I used one of the available multi-sequence data sets online to generate a synthetic dataset. But I am getting the following errors.

Steps to reproduce

Paste the command(s) you ran and the output.
If there was a crash, please include the traceback here.

npatki commented 2 months ago

Hi @Pavamana15 thanks for filing this issue and providing more details. I think the error message is a bit misleading. The root cause of the issue is that you are supplying the same column (Name) as both the sequence key and a context column.

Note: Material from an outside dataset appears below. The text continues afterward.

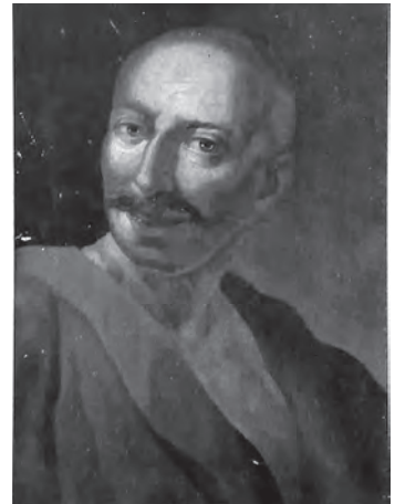
Ілюстр.3 Я.Сваричевський Портрет Івана Гонти (?–1768 рр.) Копія 1880-х рр. з оригіналу ХVІІІ ст. для колекції О.Лазаревського НМІУ. – №М-142; пол., ол., 52x38 см

For multi-sequence data, it is not allowed for your context column to be the same as your sequence key. The sequence key is meant to identify each sequence so by definition, it will never vary within each sequence. However a context column is typically another column (not the sequence key) that remains constant within a sequence. Removing the context column should fix your issue.

Resources:

Duplicate issue found in #2097. We will provide better messaging for this.
This tutorial is a good resource for understanding multi-sequence data

Pavamana15 commented 2 months ago

Thank you so much @npatki . The error is resolved now,but it is taking a lot of time to run

Pavamana15 commented 2 months ago

@npatki I could generate synthetic data using PARSynthesizer with fewer epochs, i.e., 30 epochs. However, it does not generate synthetic data in sequential order. I mean, rows should be ordered in time. Original data had rows ordered in time. So why am I getting like this, or what mistake am I making?

Pavamana15 commented 2 months ago

@npatki Can you also explain how to evaluate the quality of synthetic data?

npatki commented 2 months ago

Hi @Pavamana15 here on GitHub, we typically file a separate issue for each topic you'd like to discuss. This helps keep the GitHub organized for other users who may have similar issues, and for tracking these in the future. With this in mind, will you please file new issues for the two new topics of performance testing and quality? Appreciate your help in keeping our GitHub organized.

I will close out this initial issue because it seems like the original problem (error that you were seeing) has been resolved. Thanks.